"Wanted" Review: Angelina Brings "Boys Of All Ages To Their Knees"

"Wanted" Review: Angelina Brings "Boys Of All Ages To Their Knees"

The money shot in "Wanted," its pièce-de-special-effects-résistance and reason for green-lighted being, appears in the opening minutes of this noisy, ultraviolent shoot-'em-up with Angelina Jolie, her many tattoos and some guys. A man has soared onto the roof of a high-rise where he has laid a handful of others to waste. Suddenly the camera cuts to his face as a bullet exits his forehead in slow motion, his skin stretching forward as the projectile tears through it, going straight for the camera and our already numbed skulls.

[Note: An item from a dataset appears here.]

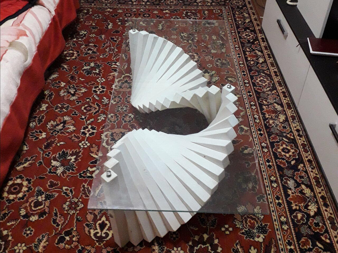 Проект интересный,но по перечисленным мной выше причинам его можно рассматривать как очень интересную идею, как эскиз. Считаю просто технически необходимым наличие не только 4-х точек опоры,но по всему периметру (стекло!) И защитное покрытие тоже необходимо.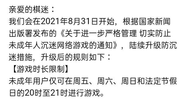 这次国内的防沉迷新政策来得雷厉风行,不论在覆盖范围还是执行力度上,都当得上“最严”二字。在其影响下,国内用户数最多的两个围棋对战平台,也很快发出了《防沉迷措施升级公告》,宣布将落实新政、对未成年用户进行限制。

Well, that's one way to get the attention of fickle moviegoers, particularly if, like the director Timur Bekmambetov, you've got nothing else going for your big Hollywood debut except Ms. Jolie and a couple of ideas recycled from "The Matrix" and "Fight Club." Mind you, Ms. Jolie has been perfectly cast as a super-scary, seemingly amoral assassin named (wait for it) Fox. Few American actresses, especially those with such pin-skinny arms, can make beating a guy to the ground look so easy and, yeah, man, like fun. With her mean smiley-sneer and snug clothes, her heels and hieroglyphics, she cuts the kind of disciplinarian figure who can bring antsy boys of all ages to their knees or at least into their theater seats.